Awhile back I had one of those moments where I read something that made all the kaleidoscope pieces shift slightly into a pattern that made more sense: part of our problem in trying to make the best, healthiest choice about everything is that self-control is a limited resource. If you’re constantly forcing yourself to behave in ways that don’t feel very good, by the end of the day you’ve got no willpower left and you find yourself with your head in the refrigerator licking the pie plate, or using your to do list as a coaster while you watch a third episode of some show you don’t even like. If you don’t actively decide what’s important to you and cut yourself some slack around it, the things you succeed and fail at get decided for you by how worn down your resistance is when they come around.

I read it in The Willpower Instinct by Stanford professor Kelly McGonigal, who is also a big proponent of the “science-help” genre, which I appreciate since reading actual psychology or science articles often requires more willpower than I have available at the end of the evening. When she says that willpower is a limited resource, that doesn’t mean she’s giving people a get out of jail free card though. Her main point is that it’s a mind-body response which can be studied, understood, and intentionally improved, not just a virtue that you either have or you don’t. The good and bad news is maybe there are some ways you really can’t control yourself, but that doesn’t mean you can’t learn.

Self-control is rooted in stopping something that feels good because you can see that it will lead somewhere bad later. Adults are pretty strongly motivated by the avoidance of imagined future pain, so if they envision their boss calling them into her office and yelling at them for doing something, that’s usually enough to stop them from doing it. Children, however, aren’t very good at predicting consequences. They need adults to act as a control while they’re learning because their primary motivation is the experience they’re having right now. They’re figuring out how to avoid getting in trouble later by making a better choice in the moment, but they’ll get all the way to being yelled at before they realize it was a mistake, at which point they’d do anything to make it stop. And that anything is often just another thing that seems like a good idea at the time, but actually makes it worse later.

One character type that seems to have been coming up a lot lately is that guy who can’t control himself, like Don Draper in Mad Men or Marty Hart in True Detective. In a way they act like children, but that tired metaphor is a cop out because however damaged they are, they’re grown men. Their problem is not so much an inability to perceive consequences as it is a crackerjack combination of gambling and self-deception that keeps convincing them it’s ok to spin the wheel just one more time. They have no self control in part because they can’t believe the consequences are real until they’re actually happening to them.

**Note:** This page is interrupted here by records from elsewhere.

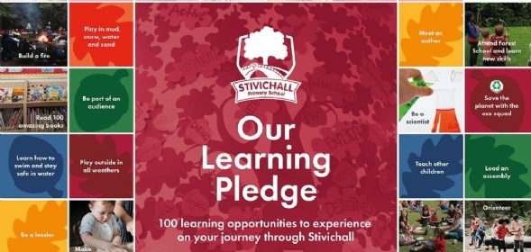 Many memorable experiences help bring learning to life at Stivichall. Pupils and staff have worked together to capture these in our Stivichall pledge of 100 things that our children have the opportunity to experience on their journey through school. To find out more about our exciting and engaging curriculum, click on the 'Our Learning' tab on our website.
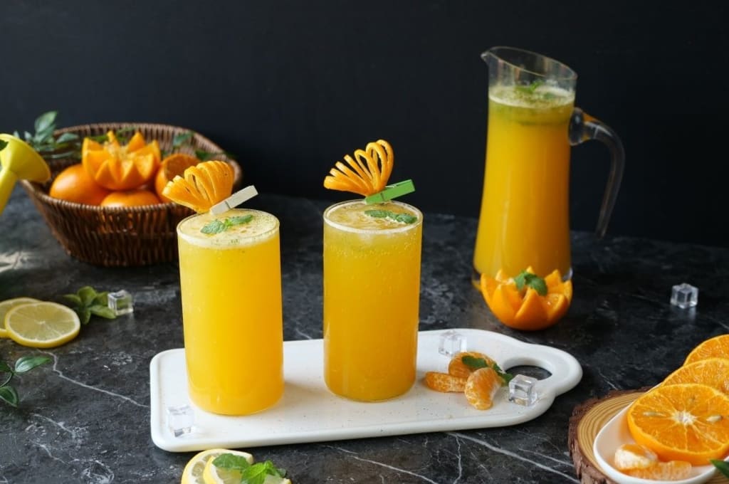 Here's a simple recipe for Orange Mint Refresher:
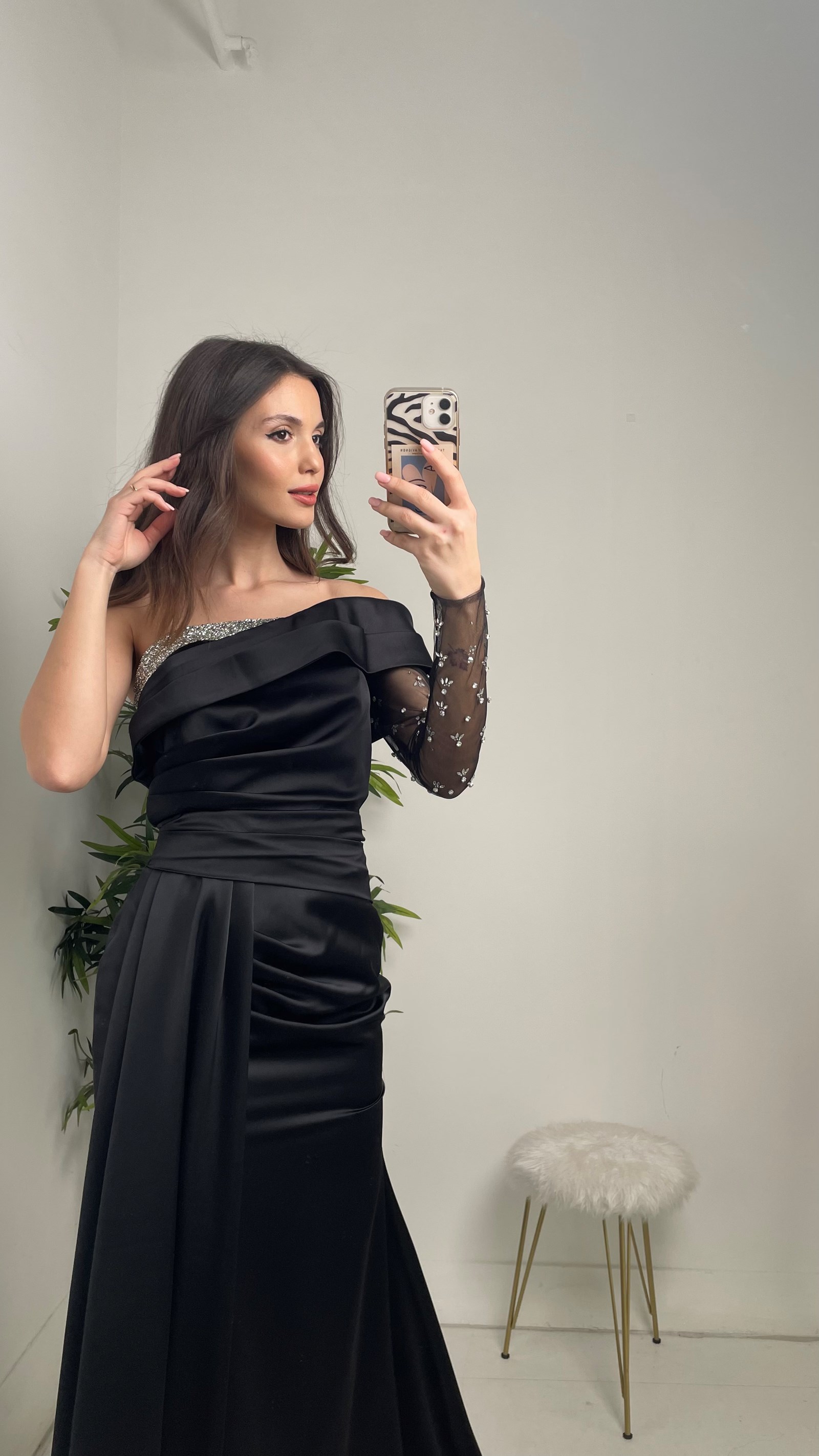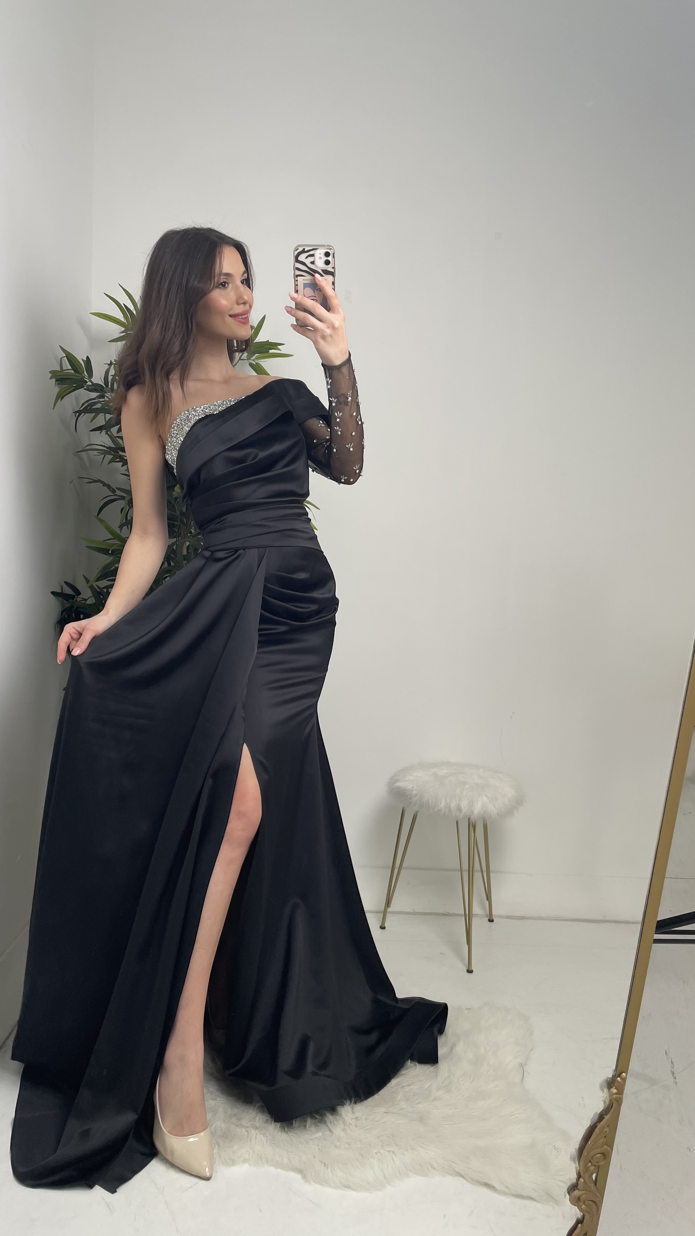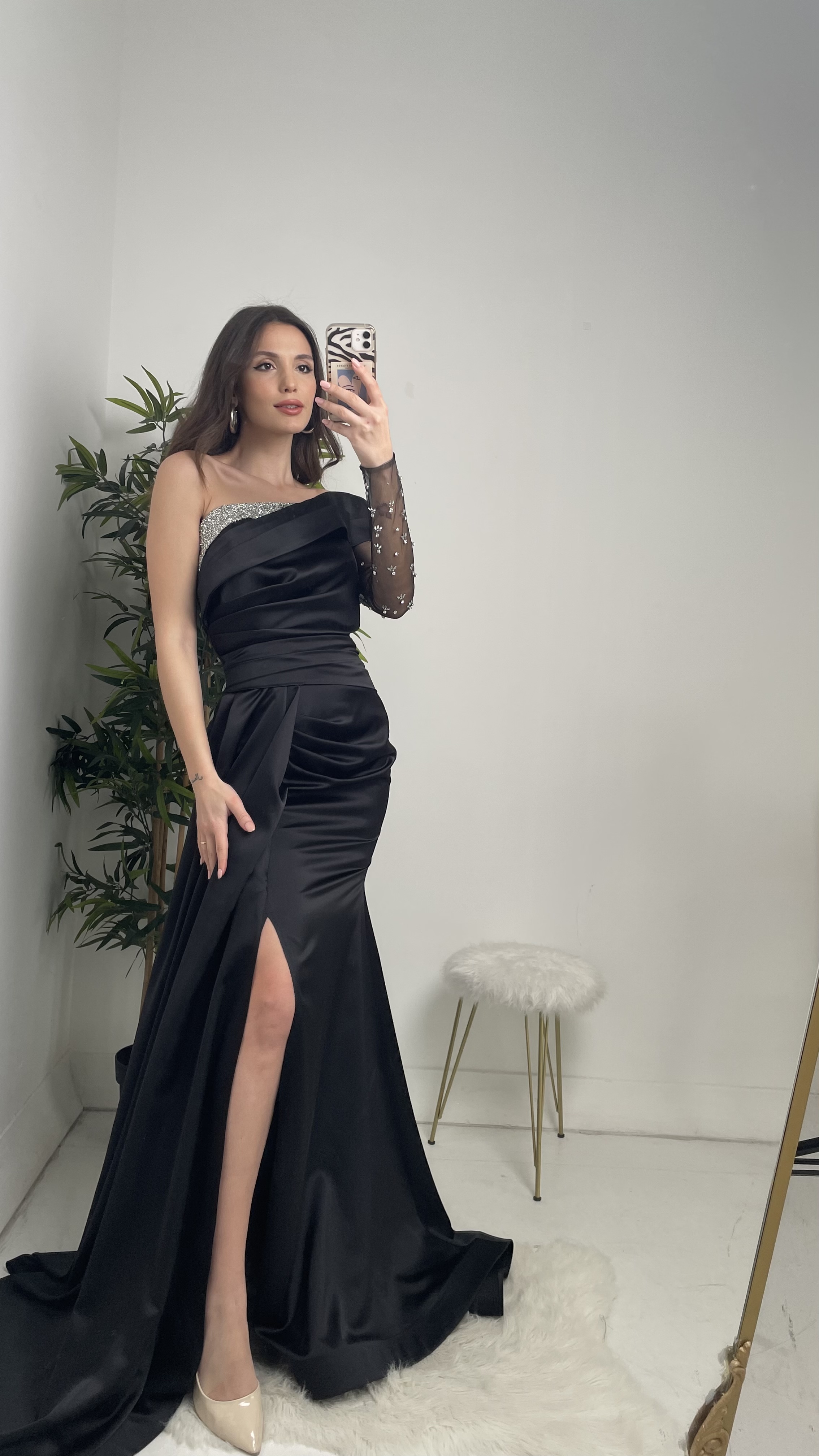 5 RatingSiyah Göğüsü Taşlı Tek Kol Saten Abiye Elbise Ürün Yorumları
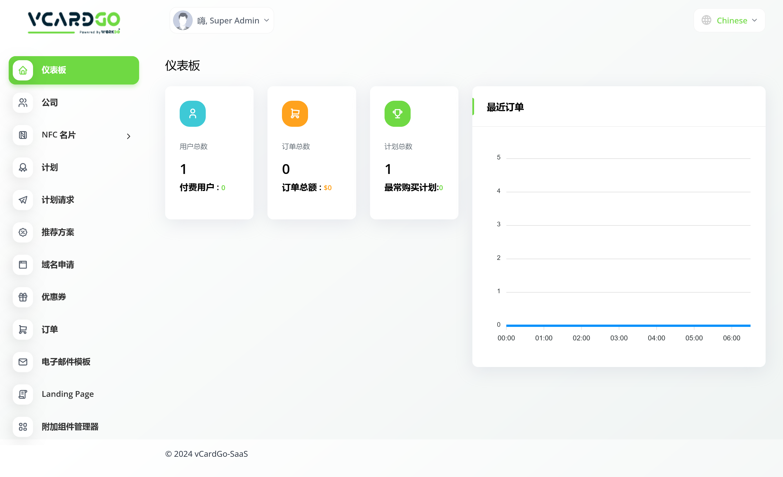 2024.04.22 更新到vCardGo SaaS v5.4,并对后台进行了汉化,汉化率为95%,请参考汉化包下面的安装说明。
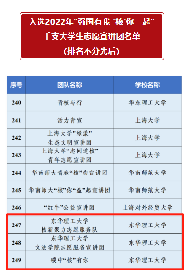 近日,由团中央青年志愿者行动指导中心、中国核工业集团有限公司、中国青年志愿者协会秘书处联合开展的2022年“强国有我‘核’你一起”千支大学生志愿宣讲团活动入选名单公布,三亿体育(中国)官方网站核新聚力志愿服务队、文法学院志愿服务宣讲团和碳中“核”有你宣讲团成功入选。
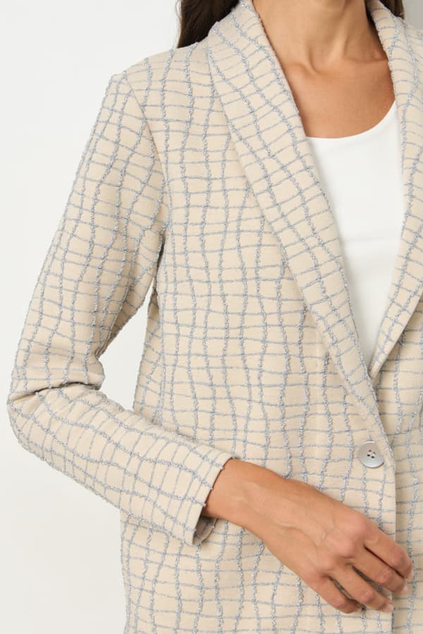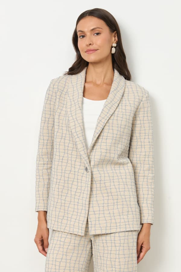 Костюм из эластичного полотна. Брюки прямого силуэта. Пояс с эластичной резинкой. Жакет прямого свободного кроя с женственным шалевым воротником. На передней части изделия застежка на пуговицу. Длинный втачной рукав. Изделие с плечевыми накладками, которые при желании можно убрать.
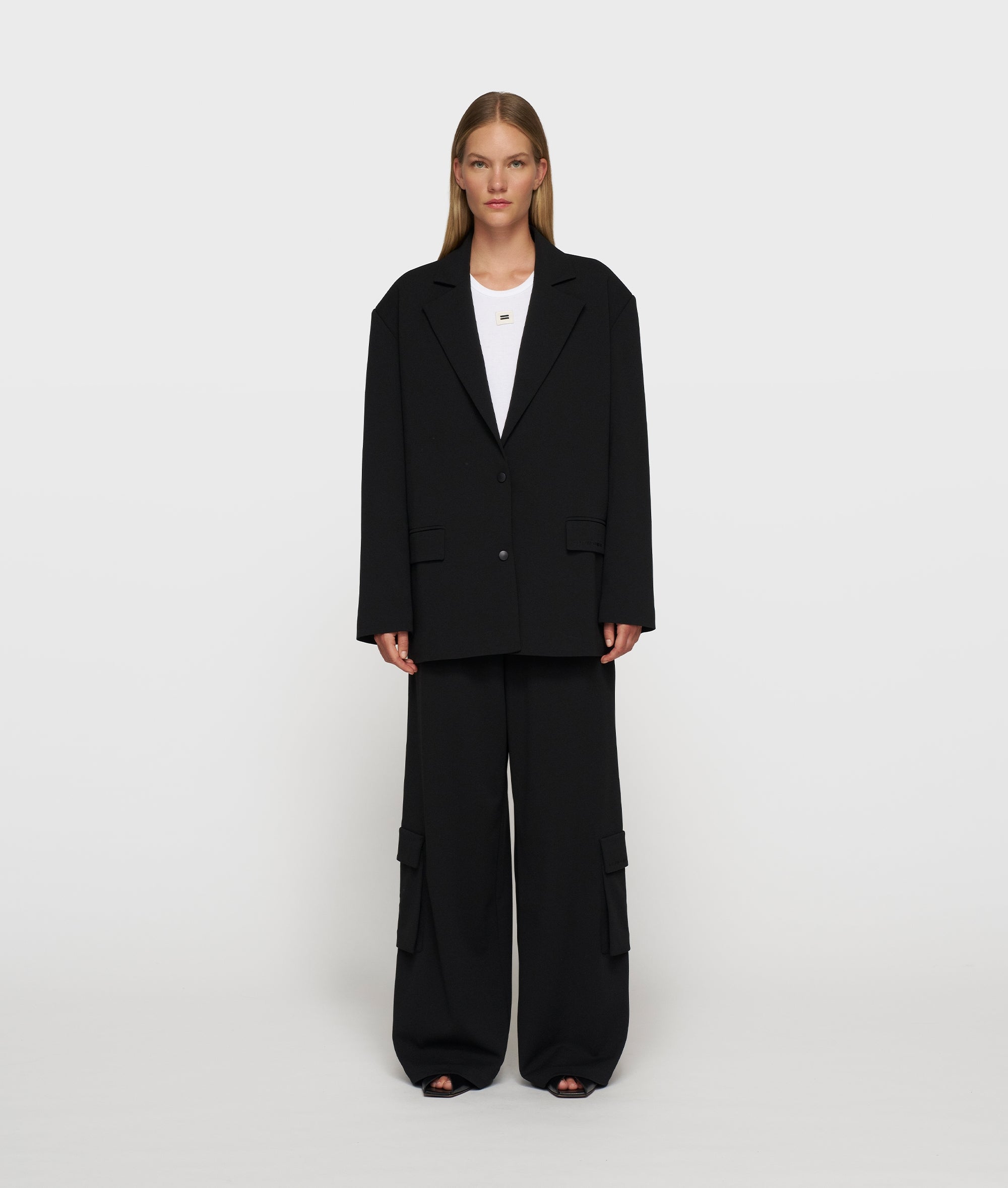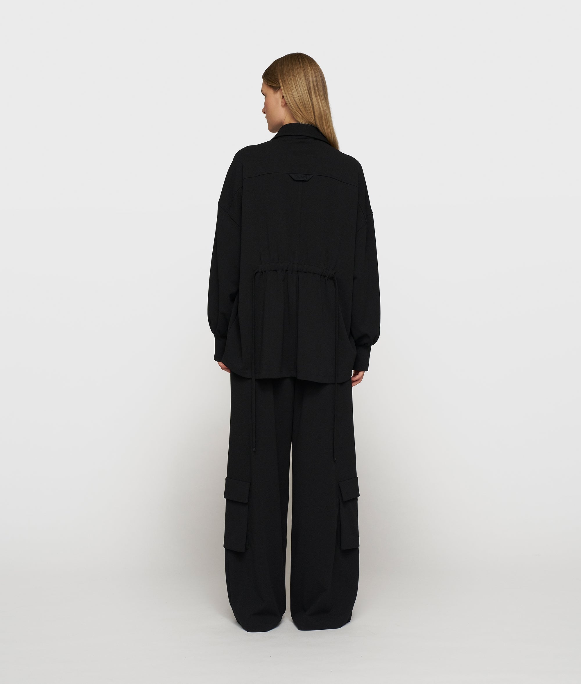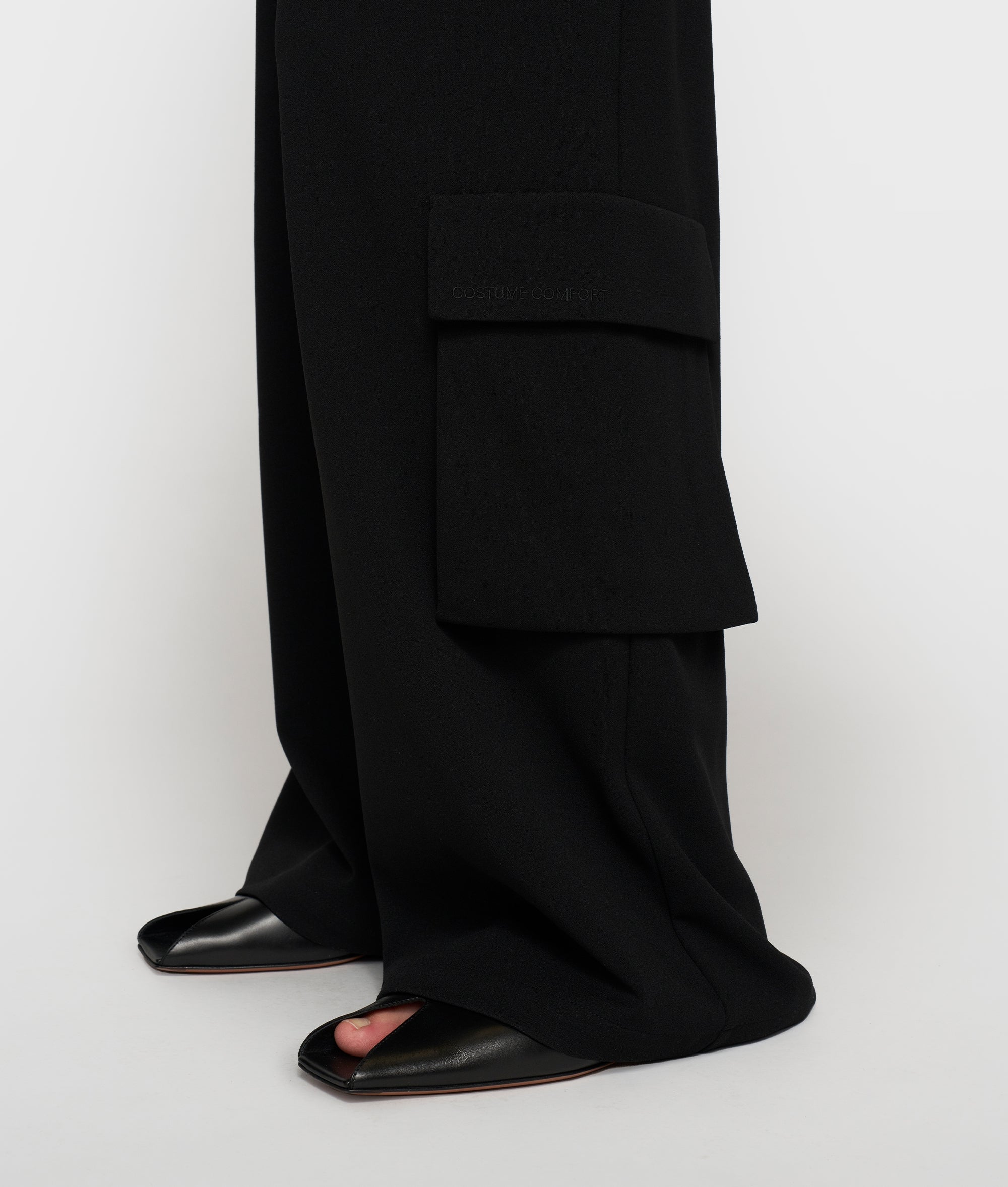 Diese Hose im Relaxed Fit und weitem Bein ist aus leichter schwarzer Crêpe-Stretch-Qualität gefertigt, die den ganzen Tag über einen hohen Tragekomfort bietet. Die mittelhohe Taille mit elastischem Bund und der Hosenschlitz mit Reißverschluss und Knopf sorgen für einen raffinierten, professionellen Look. Seitliche Eingrifftaschen, aufgesetzte Taschen und eine angedeutete Gesäßtasche verleihen der Silhouette einen modernen Touch. Die Stickerei „costume comfort“ auf der linken Tasche unterstreicht das markeneigene Design der Kollektion 10DAYS925.

As they sit and eat their tv dinners alone, or press their noses to the windows of their exes’ lives, they seem genuinely puzzled, as if they can’t quite understand how they got where they are. What is wrong with them? Why do other people have happy lives? They don’t seem to know. Of course they can see that not everyone is happy, but they believe in the story of happiness as natural rather than seeing it as something that doesn’t come easy, so they feel like they’re cursed or fundamentally faulty in some way because they can’t hang onto it.

The thing is, there’s a difference between poor judgement and bad luck. If you miss dinner because you happen to be the only person your mechanic has ever seen have the engine of their otherwise reliable brand of car catch on fire when they weren’t even driving it, that’s unlucky. If you decide not to go home after work and instead go to a bar, strip club, ex-girfriend’s house, or really anywhere else, leaving your partner at home with the kids, that’s poor judgement unless you’re trying to get divorced. In fact, even if you are trying to get divorced, there are ways to do it that don’t suck so much.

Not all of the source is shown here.